=== Begin Enclosure ===

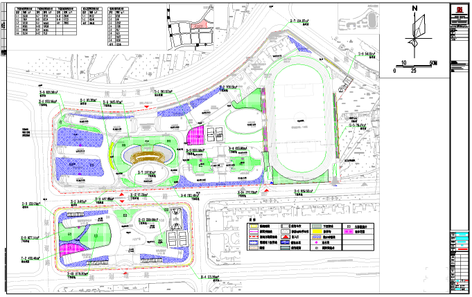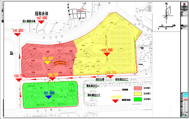 根据场地竖向标高及汇流组织方向,将地块分为3个汇水分区,雨水径流实现分区控制。
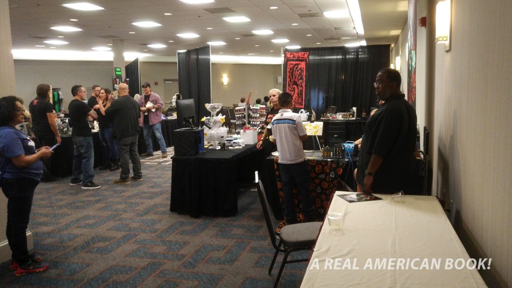 I realized that beyond the main, larger exhibit hall, there was a rear hallway with two smaller rooms with additional dealers, and a sign pointing to the panel room.
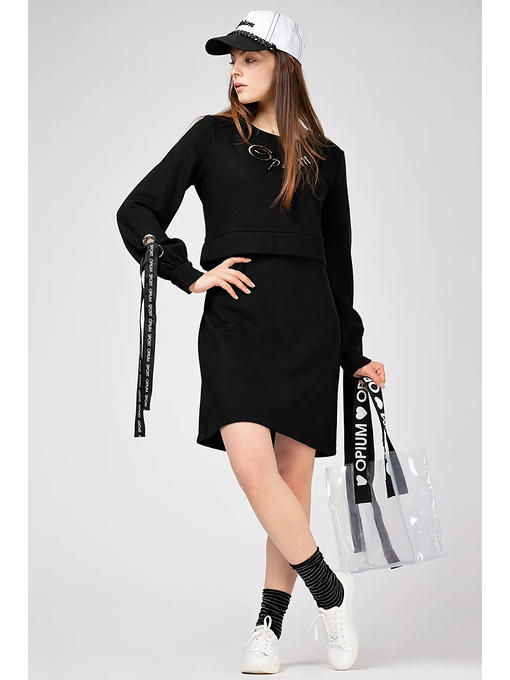Женское платье из гладкого трикотажного полотна с внутренним флисовым слоем, выполнено в стиле спорт-шик, сочетающим в себе комфорт и красоту. Это платье удачно впишется в жизнь современной женщины. Гламурные детали: брендированные банты на рукавах, серебристый эмбоссированный логотип и атрибуты спортивной одежды: простой фасон, практичная ткань – такое сочетание не оставит никого равнодушным! Носите платье с кроссовками и будьте неотразимы! Это платье есть в энергичной красной и классической черной расцветках
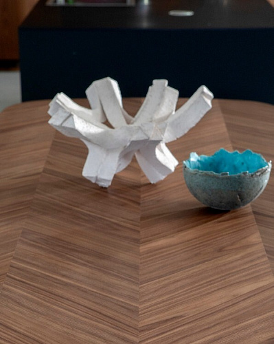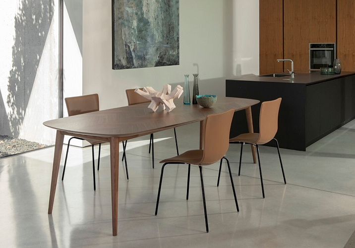 Дизайн Tonin Casa Creatives. Коллекция 2023 года. Классический силуэт стола Italo с бочкообразной столешницей и четырьмя ножками обеспечивает уверенность и подойдет к любому жилому помещению. А любопытный узор из ореха каналетто указывает на исключительность произведения. Деревянный стол, олицетворяющий дизайн вне времени. Столешница обтекаемой формы в виде бочки. шпонированная орехом или дубом. Еще большую изысканность столу придает геометричный рисунок шпона. Сочетание легкости линий и солидности материалов создают стол, идеально вписывающийся в любой интерьер. Стол Italo это пример настоящего ремесленного мастерства, образец продукта 100% Made in Italy. Итальянский стол производства 100% Made in Italy. Бренд Tonin Casa. Мебельная фабрика Tonin Casa основана в 1975 году итальянцем Gianni Tonin, который и сегодня стоит во главе компании. В начале восьмидесятых фабрика выпускает каталог своей первой классической коллекции, которая быстро завоевывает внутренний рынок сочетанием традиционного итальянского стиля и функциональностью. В девяностых годах классическую линейку дополняет современная коллекция, ставшая визитной карточкой компании и сделавшая мебель от Tonin Casa легко узнаваемой среди массы безликой современной мебели. Сегодня Gianni Tonin уже вместе со своим сыном Nicola Tonin - продолжателем мебельной династии и дизайнером - создают новые коллекции и, как любой модный дом с мировым именем, выпускают каждый год очередные шедевры мебельного искусства, демонстрируя их на выставках Милана, Нью-Йорка, Парижа и Москвы. Именно стремление производить качественную и стильную дизайнерскую мебель и воплотить в каждом предмете и аксессуаре функциональную роскошь покорило сердца покупателей в Европе и Америке.
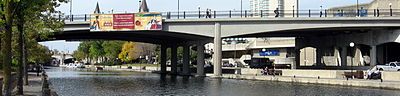 The Mackenzie King Bridge is a bridge in Ottawa, Ontario, Canada. Just a few blocks away from Parliament Hill, south of the Plaza Bridge, it runs in a generally east-west direction, with the east end at the Rideau Centre and Department of National Defence Headquarters. The west end runs between the National Arts Centre and Confederation Park. It was named for William Lyon Mackenzie King , Canada's longest-serving prime minister and was opened to traffic in 1951. A major restoration effort was completed in 1996-1998.
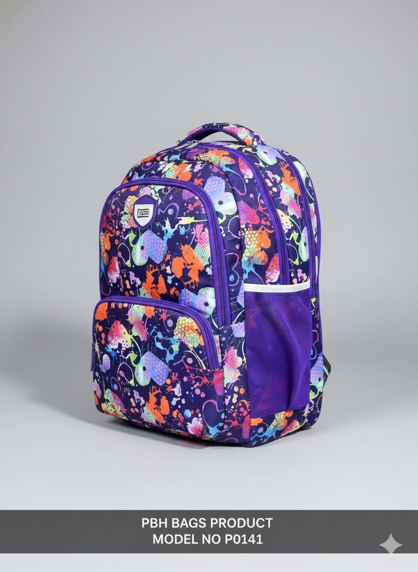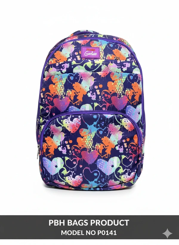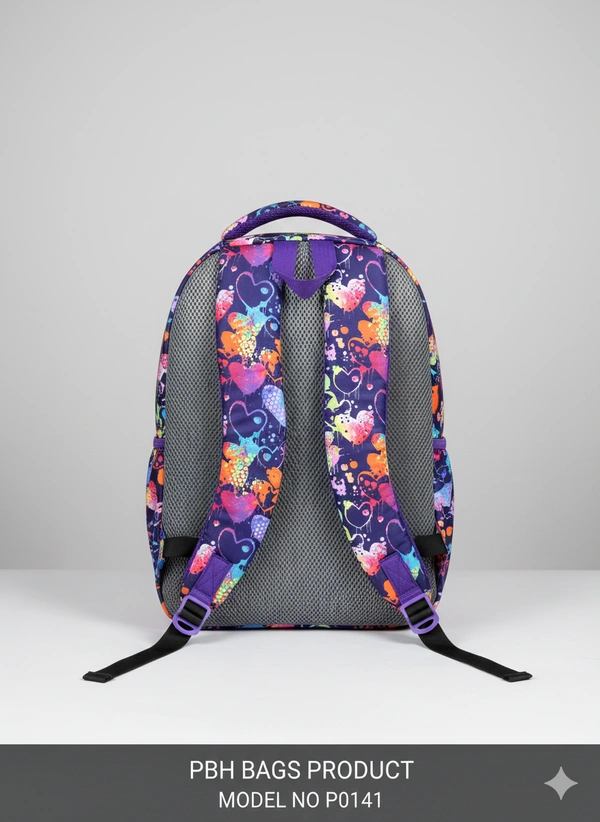 Elevate your daily commute or weekend adventures with the PBH Bags Model P0141. Featuring a vibrant, stylized mountain range print in a modern palette of Purple, coral, and slate blue, this backpack perfectly blends outdoor-inspired aesthetics with urban functionality.

=== End Enclosure ===

# PROBLEM DETAILS
Write out, word for word, the lines from the start of the data through the one holding "Женское платье из". Omit pictures.

# SOLVED EXERCISE
 根据场地竖向标高及汇流组织方向,将地块分为3个汇水分区,雨水径流实现分区控制。
 I realized that beyond the main, larger exhibit hall, there was a rear hallway with two smaller rooms with additional dealers, and a sign pointing to the panel room.
Женское платье из гладкого трикотажного полотна с внутренним флисовым слоем, выполнено в стиле спорт-шик, сочетающим в себе комфорт и красоту. Это платье удачно впишется в жизнь современной женщины. Гламурные детали: брендированные банты на рукавах, серебристый эмбоссированный логотип и атрибуты спортивной одежды: простой фасон, практичная ткань – такое сочетание не оставит никого равнодушным! Носите платье с кроссовками и будьте неотразимы! Это платье есть в энергичной красной и классической черной расцветках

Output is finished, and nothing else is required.